Глава вторая. Блок-музыкант

We use cookies. Read the Privacy and Cookie Policy

Глава вторая. Блок-музыкант

В своих воспоминаниях об Александре Блоке близко и тонко знавшая его М. А. Бекетова4 констатирует, что Блок в обычном смысле слова был не музыкальным человеком, то есть музыку он чрезвычайно любил, очень сильно испытывал на себе ее действие, но сам ни на каких инструментах не играл и не обладал хорошим слухом, то есть прежде всего способностью воспроизводить слышанную музыку. Однако тут же М. А. Бекетова прибавляет, что Блоку присуще было необычайное чувство ритма. Сам Блок в известной степени подтверждает это суждение в письме к Андрею Белому:

«Я до отчаяния ничего не понимаю в музыке, от природы лишен всякого музыкального слуха, — говорит он, — не могу говорить о музыке как об искусстве ни с какой стороны».

Но он прибавляет к этому нечто еще более важное, чем отмеченное Бекетовой чувство ритма.

«Таким образом, — говорит он, — я осужден на то, чтобы вечно поющее внутри никогда не вышло наружу»5.

Блок констатирует этим, что внутри его жила некая постоянная песня, некое музыкальное начало, вряд ли организованное мелодически, скорее, очевидно, состоявшее из ритмической смены эмоций, нарастаний и падений, — словом, из какой-то динамически более или менее организованной жизни чувств, настроений, аффектов, крайне родственное с тем, что Блок, очевидно, переживал, слушая музыку.

Так как реально звучащая музыка имеет свою силу не столько в самой материи звука, тона, сколько именно в динамических соотношениях, нарушениях равновесия и его восстановлениях, то очевидно, что Блок, с его слаборазвитым «звуковым» аппаратом (воспринимающим и творческим), обладал, тем не менее, выдающимся аффекциональным динамическим аппаратом. Музыка вызывала в нем глубокие, разнообразные, могучие волнения. Но эти волнения переживал он и без музыки, причем они просились наружу, но, не находя себе выхода в чисто тональном творчестве, они находили его в творчестве словесном.

Гёте обмолвился раз очень оригинальным, хотя и не совсем правильным замечанием. Он сказал, что люди с большой потребностью художественного творчества, но не обладающие ни пластическим, ни музыкальным талантом, становятся поэтами и, так сказать, рассказывают про те зрительные образы или про те звуковые миры, которые они хотели бы создать более непосредственно, не через разум, а для глаза и уха как таковых6.

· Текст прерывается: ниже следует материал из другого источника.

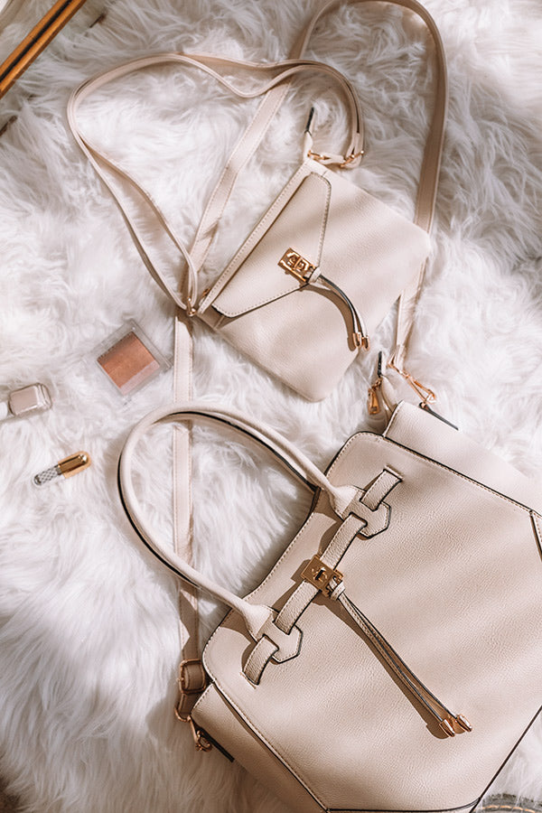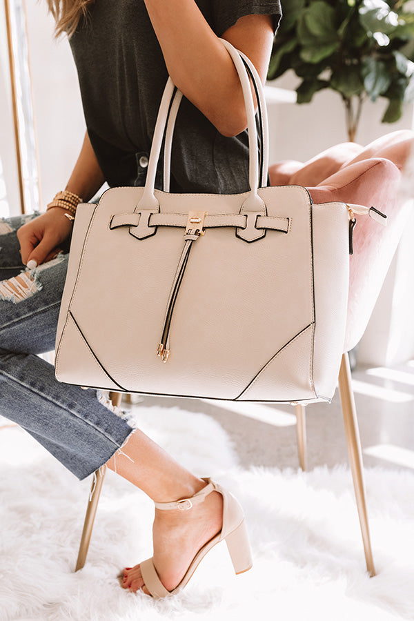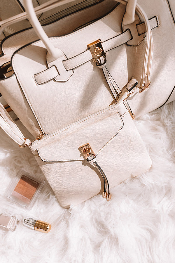 You will surely look like "CEO material" when you accessorize with this chic cream colored tote featuring sleek faux leather material, an adjustable and removable shoulder strap, two short handles, gold hardware, and a spacious fully lined rectangular pouch with a zip closure and additional inside pockets! PLUS, it includes a removable crossbody with a flap closure and an adjustable shoulder strap!

По отношению к поэту музыкального типа это в значительной степени так. Блок, конечно, не является только поэтом-музыкантом. Он и живописец и пластик, он и драматург и мыслитель. Но нечего и говорить, что как живописно-пластические образы Блока, так и его мысли или объективные изображения им столкновений человеческих страстей и действий остаются далеко позади музыкального значения его поэзии. В известной степени поэзия Блока есть «зам-музыка». Блок был бы, вероятно, более счастлив, если бы он награжден был от природы композиторским даром, и, во всяком случае, музыкальная стихия, овладевая словом как выражением понятия, как названием предметов и т. д., подчиняет их себе, как бы срезывает их острые контуры, превращает их в текучие тени, которые причудливо переплетаются между собой, расплываются, повинуясь внутреннему лирико-музыкальному импульсу автора.

Сам Блок отчетливо понимал именно такой характер своей поэзии. Припоминая знаменитое определение Верлена, требовавшего, чтобы поэзия была «прежде всего музыкой», и рекомендовавшего поэту «свернуть шею красноречью»7, Блок говорит о самом первом периоде своего творчества, который называет «доисторическим»:

«Детство мое прошло в семье матери. Здесь любили и понимали слово; в семье господствовали, в общем, старинные понятия о литературных ценностях и идеалах. Говоря вульгарно, по-верленовски, преобладание имела здесь ?loquence[51]; одной только матери моей свойственны были постоянный мятеж и беспокойство о новом, и мои стремления к musique[52] находили поддержку у нее… Милой же старинной ?loquence обязан я до гроба тем, что литература началась для меня не с Верлена и не с декадентства вообще»8.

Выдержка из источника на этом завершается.